American football player (1975–2014)

Michael G. Reed (January 6, 1975 – January 31, 2014) was an American professional football fullback who played one season with the Philadelphia Eagles of the National Football League (NFL). He played college football at the University of Washington.

==Early life and college==
Michael G. Reed was born on January 6, 1975, in Washington, D.C. He first attended Woodbridge American High School in Woodbridge, England before moving back to the United States and attending Clover Park High School in Lakewood, Washington.

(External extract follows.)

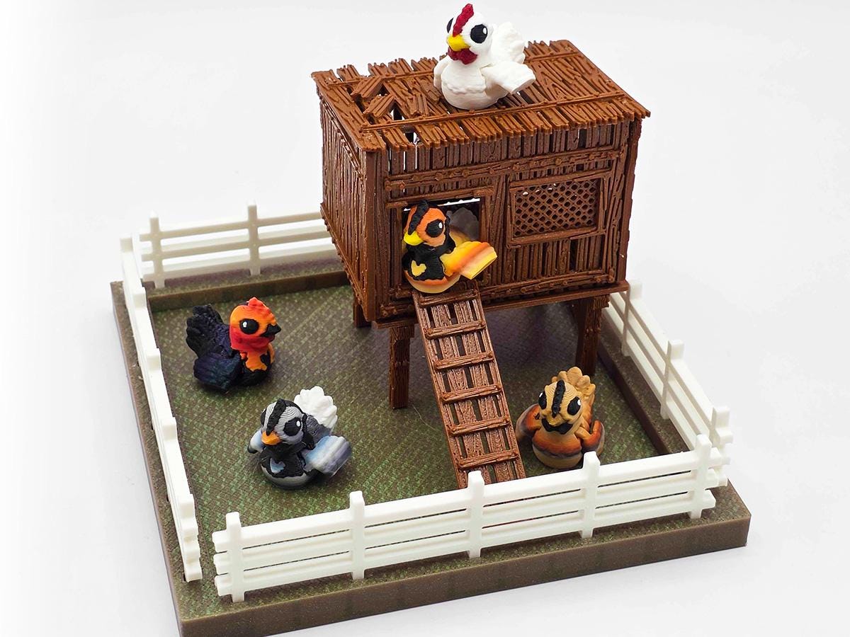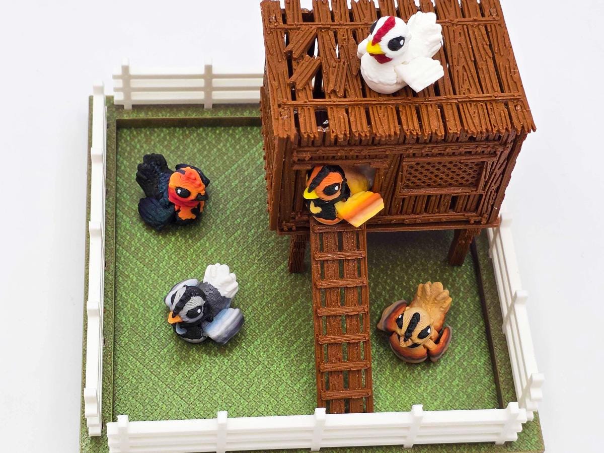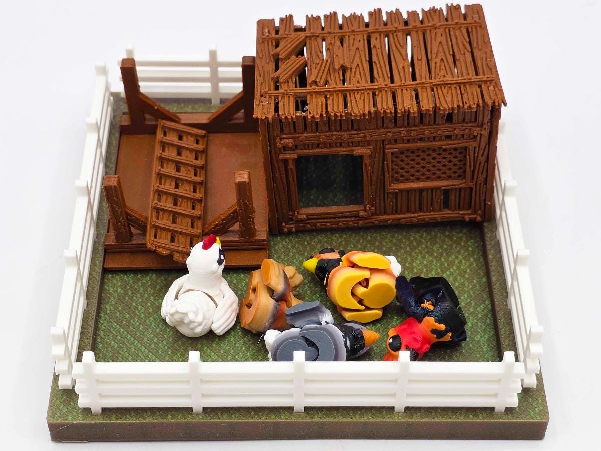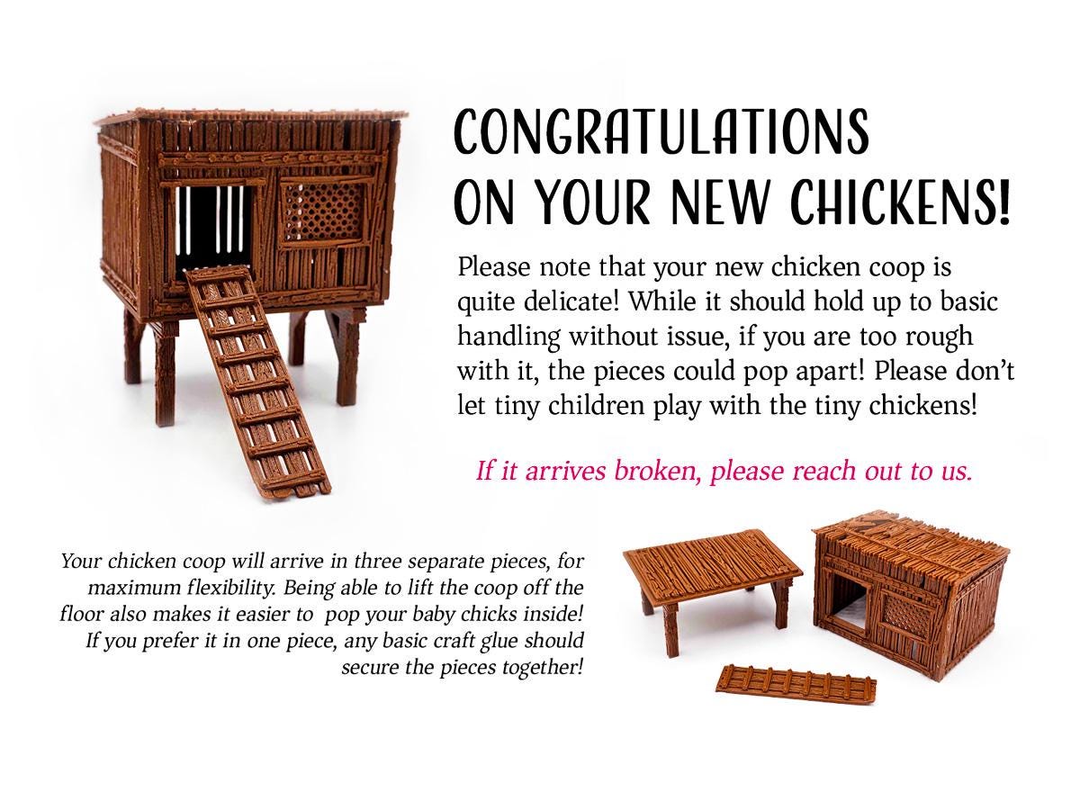 This listing for a chicken farm with a chicken coop & five tiny chickens is EXTREMELY LIMITED EDITION. These tiny coops are truly adorable but also pretty delicate and time-consuming to properly print and assemble. For that reason we are only selling TWENTY of this set.

Reed played college football for the Washington Huskies from 1994 to 1997 as a fullback. He rushed 10 times for 21 yards his freshman year in 1994. He totalled seven carries for 40 yards and two receptions for 17 yards in 1995. He recorded 42 rushing attempts for 106 yards and one touchdown and three catches for 36 yards in 1996. Reed rushed five times for 21 yards and caught five passes for 84 yards and three touchdowns his senior year in 1997.

==Professional career==
After going undrafted in the 1998 NFL draft, Reed signed with the Philadelphia Eagles on April 21, 1998. He was waived on August 30 and signed to the team's practice squad on September 1. He was promoted to the active roster on October 5 and played in two games without recording any statistics before being released on November 27 and signed back to the practice squad on December 1. Reed was moved back to the active roster on December 10 and played in two more games for the Eagles that season, once again without recording any statistics.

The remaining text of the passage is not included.